Alkohol in der Schwangerschaft führt nach aktuellen Schätzungen der Bundeszentrale für gesundheitliche Aufklärung in 2.000 Fällen pro Jahr in Deutschland zu schweren Störungen. „Dazu zählen Wachstumsstörungen vor und nach der Geburt, angeborene Herzfehlbildungen, einen zu kleinen Kopf und Schäden in der geistigen und motorischen Entwicklung“, sagt Professor Dr. Andrea Superti-Furga, Ärztlicher Direktor des Zentrums für Kinder- und Jugendmedizin des Universitätsklinikums Freiburg. „Das Kind kann hyperaktiv sein, Intelligenzmängel und Lernschwächen zeigen.“

Etwa 8.000 Neugeborene sind von etwas weniger schweren alkoholbedingten Folgeschäden betroffen. Dabei handelt es sich vor allem um Verhaltens- und Entwicklungsauffälligkeiten. Trinkt eine werdende Mutter Alkohol, gelangt dieser direkt über den Mutterkuchen in den Blutkreislauf des Kindes. „Der Alkohol hemmt das Zellwachstum des Embryos und schädigt die Entwicklung von Organen, Nervensystem und Gehirn“, so Dr. Regina Rasenack, Oberärztin der Universitäts-Frauenklinik Freiburg.

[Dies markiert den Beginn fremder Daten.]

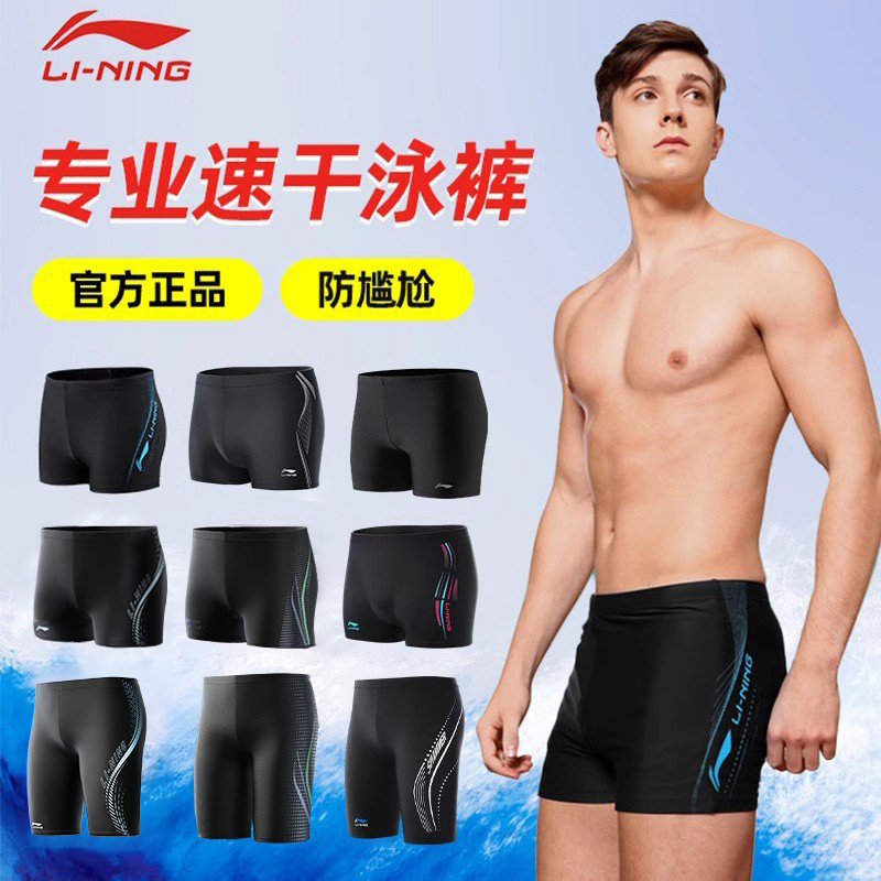李宁男士游泳裤2025新款成人青少年防尴尬泳衣专业平角短裤竞速干
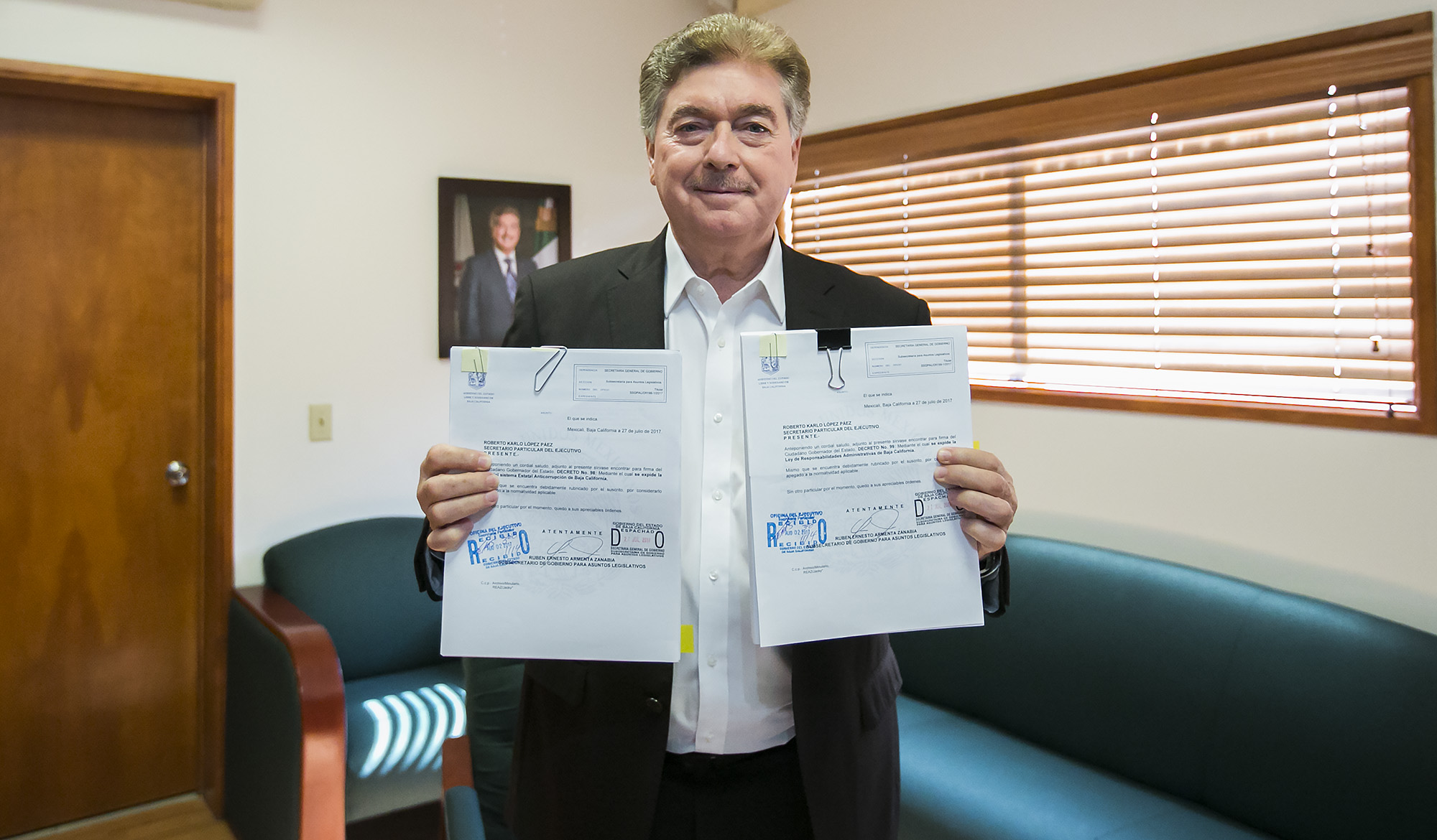 Bajo este esquema, el Mandatario estatal signó el documento que expide la Ley del Sistema Estatal Anticorrupción de Baja California, ello en cumplimiento al mandato constitucional y legal federal de crear el citado sistema, el cual en una primera fase fue presentado como iniciativa en el Congreso del Estado para su análisis y discusión, así como su posterior aprobación.
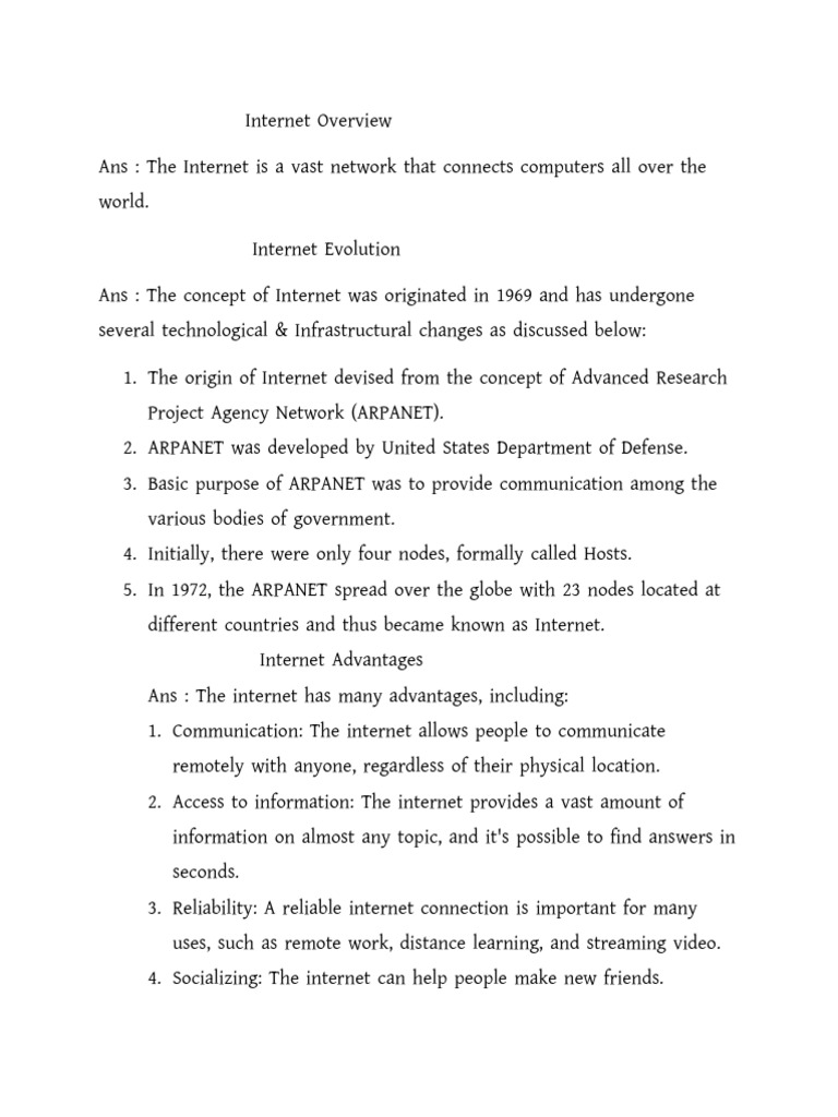 Ans : The concept of Internet was originated in 1969 and has undergone
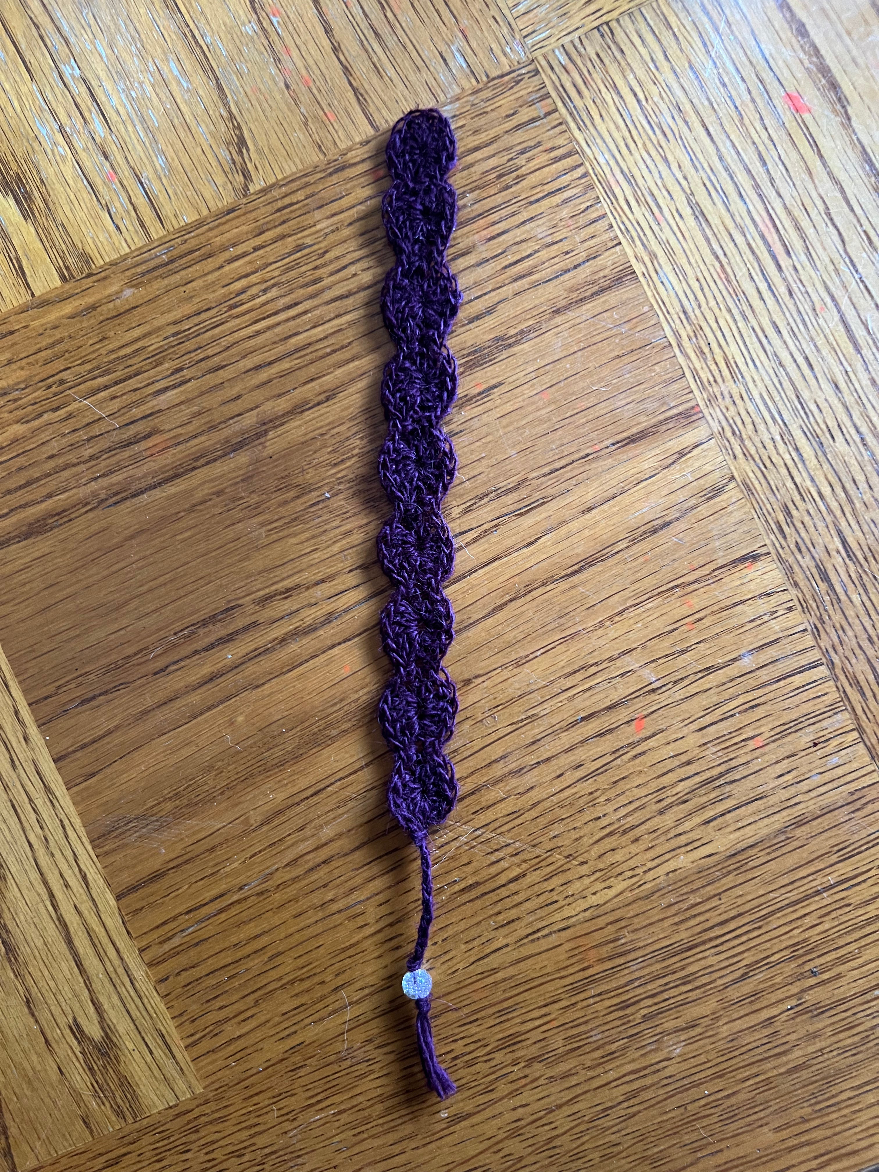 Dainty bookmark crocheted with lace weight Icelandic wool in the color "Eggplant." Pattern credit: Labours of Love Crochet

Grundsätzlich gilt Alkoholkonsum in der Schwangerschaft als die häufigste Ursache für körperliche und geistige Schäden bei Kindern. Gynäkologen sowie Hebammen kommt deshalb eine ganz wichtige Aufgabe zu, indem sie Schwangere beziehungsweise Paare über die Risiken des Alkoholkonsums in der Schwangerschaft gezielt informieren und beraten.

„Wir müssen leider davon ausgehen, dass mindesten zwölf bis 15 Prozent der Frauen während der Schwangerschaft ein- oder mehrmals im Monat Alkohol trinken“, sagt Rasenack. „Dabei können schon geringe Mengen Alkohol dem ungeborenen Kind schaden. Schwangere sollten auf jeden Fall uneingeschränkt auf Alkohol verzichten“, appelliert die Gynäkologin.